El hombre que vendió la Torre Eiffel
En Ecuador aún guarda prisión un personaje muy singular llamado Sigifredo Dante Reyes de 68 años de edad, más conocido como “El Cuentero de Muisne”. Fue detenido por última vez en 2005 acusado de robo de vehículos. Este tipo fue un maleante muy carismático dotado de una gran inteligencia pero mal encaminada.
Sus fechorías rayan en lo inverosímil y demuestran el poder de persuasión y carisma que utilizó para embaucar y engañar a muchas personas. Hace poco leí que desde la prisión estaba escribiendo un libro con sus memorias en el que detalla sus andanzas y peripecias en el bajo mundo.
Dante Reyes siendo entrevistado en 2005
De sus delitos, uno de los que más se jactó fue de aquella vez cuando se hizo pasar por el hijo del entonces presidente de Costa Rica, José Joaquín Trejos, cuando en Ecuador era presidente Otto Arosemena.
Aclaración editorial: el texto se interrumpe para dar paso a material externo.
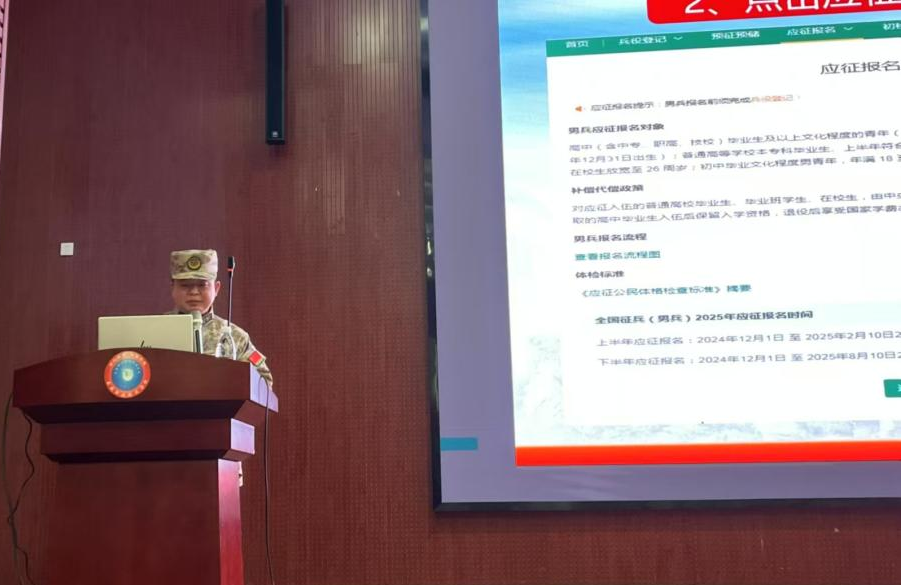 为激发同学们的爱国热情,引导同学们将个人理想融入国家发展,积极投身国防事业,贡献青春力量。12月12日,农林工程学院联合保卫处张亮在新培楼学术报告厅举办了大学生征兵宣传讲座。农林工程学院副院长王琦带领农林工程学院22、23、24级全体男生参加此次讲座,由保卫处张亮老师主讲。

Con esa falsa identidad se alojó en el prestigioso Hotel Colón, y la pasó a cuerpo de rey junto a políticos y diplomáticos.
Otra ocasión, disfrazado de sacerdote y aprovechándose de sus incipientes conocimientos de latín, escapó de la cárcel, saliendo por la puerta principal burlando a todos los guardias.
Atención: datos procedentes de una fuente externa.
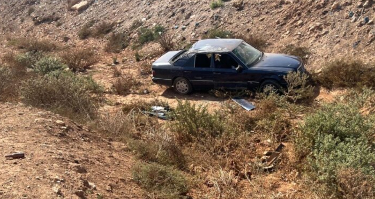انحراف سيارة مرسيدس وسقوطها في واد قرب مطار العروي

Pero su hazaña o estafa “cumbre” fue en 1980 cuando vendió la Torre del Reloj del Malecón de Guayaquil a una pareja de turistas suizos con una escritura falsa.
Torre del Reloj vendida a turistas suizos
Este último caso me hizo recordar a uno de los más famosos estafadores que registra la historia, quien llegó a tal punto de viveza que logró vender la Torre Eiffel.
Si, la gran torre francesa fue vendida y "dos veces" por Víctor Lustig.
Víctor nació en 1890 en la República Checa y era hijo del alcalde de la ciudad de Hostinné.
Realizó sus estudios en Alemania y en Francia donde fue un buen alumno y se destacó su habilidad para aprender idiomas, llegando a dominar el inglés, alemán, francés e italiano.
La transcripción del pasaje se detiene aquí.